My own mother shops at Walmart. I try to talk her out of it on moral grounds, but she's on a fixed income -- so she constantly tells me she doesn't have a choice, she can't afford to shop anywhere else. Therefore, she continues to subsidize the exportation of jobs and the devaluation of peoples lives and work - but what else can she do?
But that as it may...there are several possible solutions to this problem that don't neccesarily require the government. The chief among them is civil suits by the survivors - so far Walmart in Texas has had to pay out over $10 Million in such suits.
It's also possible that the insurance companies might wish to limit their liability in this regard by dramatically raising premiums if those companies don't take basic precautions to protect the life of it's employees, in the same way that premiums are higher for people who choose to drive sports cars, or without seatbelts.

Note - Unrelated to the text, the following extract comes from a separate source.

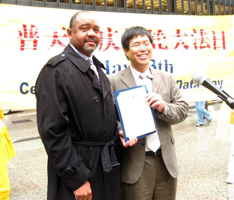 库克郡涵盖芝加哥市,有近五百三十万人口,是美国仅次于洛杉矶郡的人口最密集的郡。库克郡郡政厅主席托德•斯佼杰的助手斯达克斯(Alvin Starks)冒雨来到联邦广场,带来了斯佼杰主席的褒奖。

Put people's lives in danger: pay higher premiums. Take steps to keep them safe, and the costs go down. I can live with that option.
As far as what the government has done - the Bush Administration has proprosed making it easier for the companies by forcing the kinds of class actions suits I mention above to go through federal court, which are far less receptive to them, rather than state court. It has also proposed caps on amount of punative judgements of $250,000 - which is probably less money than such a company can receive from death benefits in the first place. Deliberately putting your employees lives at risk would then be just the price of doing business, something you can simply write off in your taxes - like the losses a company takes as a result of shoplifting.
Now that's what I call "looking out for the bottom line".